Vector storage: shares the 500MB quota with relational data

pgvector data shares Supabase's 500MB storage with regular relational data. Each 1024-dim float32 vector = 4KB. A 10-page PDF (~50 chunks) = 200KB vector storage. 100 documents = 20MB — 4% of total quota.

This scale is manageable, but conversation_memories (1–3 memory vectors extracted per AI reply) grows linearly over time: 1,000 conversations add ~2,000 memory vectors = 8MB.

iOptimization: set TTL on conversation_memories, auto-purge vectors not accessed in 90 days; archive low-activity session chunks to Supabase Storage (free 1GB); pgvector 0.7+ supports halfvec type, halving vector storage.

RAG combined limits

  • Concurrent embedding requests: single-threaded ARM CPU, effective concurrency 1, multiple requests queue
  • Max simultaneous uploads: ~2–3 (async, each taking 5–10 seconds)
  • Vector retrieval latency: 10–50ms (HNSW index, tens-of-thousands scale) — not a bottleneck
  • Storage capacity: ~500 documents (10 pages each) or ~25,000 conversation memories

§ 05Part 5 — Frontend hosting (Vercel) — not a bottleneck

Vercel Hobby limits: 100GB bandwidth/month, no concurrency cap (serverless auto-scales). For Next.js static assets (<1MB/page), 100GB bandwidth supports ~100,000 page loads — far beyond current-stage needs.

iOptimization: Vercel's static assets have global CDN, minimal optimization needed. If the backend API moves to Vercel, leverage Fluid Compute for cold-start optimization.

§ 06Part 6 — Combined capacity summary

Component              Free Limit                Utilization   Bottleneck?
LLM API (5 Providers)  ~9,000-15,000 DAU         Low           ★★  chat RPD
Supabase DB            ~7,500 registered         Low           ★★★ Storage-tight
Oracle ARM (CPU)       ~2-3 concurrent uploads   Very low      ★   On upload
Oracle ARM (memory)    ~6,000 connections        Very low      ·   Surplus
Vercel                 ~100K page loads/mo       Very low      ·   Surplus

At the current stage (early user validation), this stack is entirely sufficient. SmartRouter's five-provider stacking raised the LLM bottleneck from 300 DAU (single provider) to 9,000+ DAU — LLM is no longer the tightest link. Supabase's 500MB storage cap (~7,500 registered users) is now the next bound.

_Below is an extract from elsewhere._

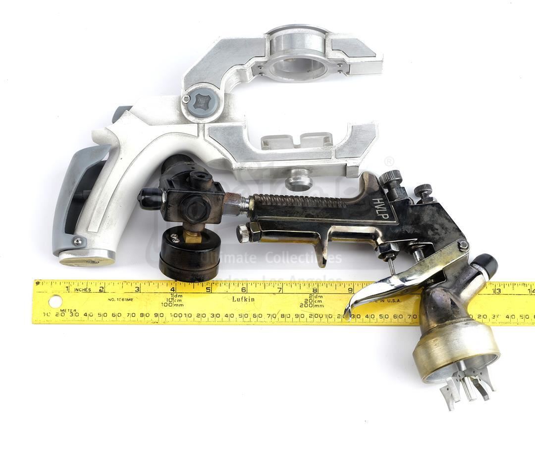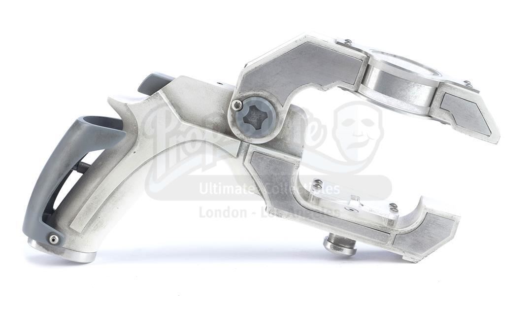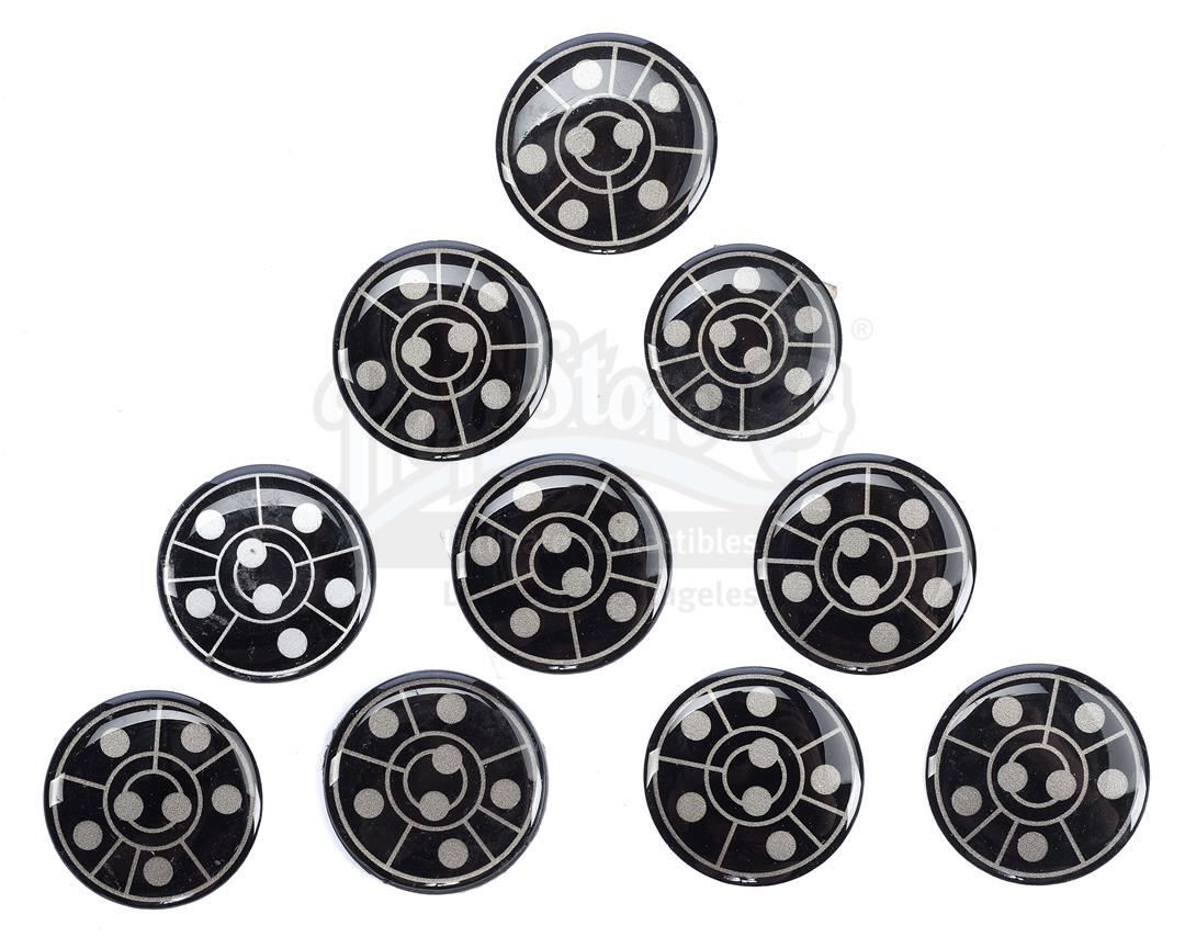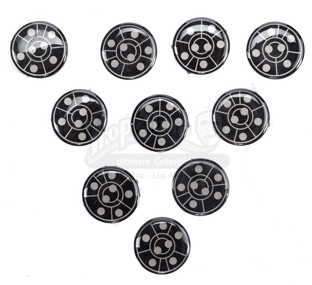 A Lighthouse metric set from the episodes 'Orientation (Part 2)' (502) and 'A Life Spent' (503) of Marvel's Agents of S.H.I.E.L.D. In the episodes, Phil Coulson and his team are implanted with metric readers on their wrists in order to pass as residents of the Lighthouse space station. Later, Grill uses his tool to briefly remove Elena 'Yo-Yo' Rodriguez's metric. This lot consists of a white and gray urethane C-shaped device with metal details and a grip with a trigger on the rear, a metal gripped device with black urethane details and a metal trigger, and 18 black urethane discs with black and gray decals attached to the front and adhesive on the backs for applying to surfaces. Ten of the discs are marked for male wearers and eight of the discs are marked for female wearers. This lot is in excellent overall condition with deliberately-made signs of scuffing and wear on the applicator and remover.

§ 07Part 7 — Bottleneck breakthrough priority

  • Priority 1: Add $10 credit on OpenRouter — the 12 slots jump from 50 to 1000 RPD each (20×, one-time cost, permanent)
  • Priority 2: When Supabase reaches 400MB, upgrade to $25/month for 8GB storage
  • Priority 3: Add a 4th Cerebras key to expand chat RPD (Cerebras contributes 77% of chat RPD; linear scaling, zero cost)
  • Priority 4: Enable batch embedding + result caching — 3–4x upload throughput
  • Priority 5: Implement LLM response caching (similar questions hit cache, saving 60–80% of requests)
  • End state: self-hosted quantized models (llama.cpp) + paid API hybrid routing

For an AI startup, this zero-cost architecture keeps capital where it matters most — product development and user growth — rather than infrastructure bills. By the time scale demands spending, the system is validated and the investment is justified.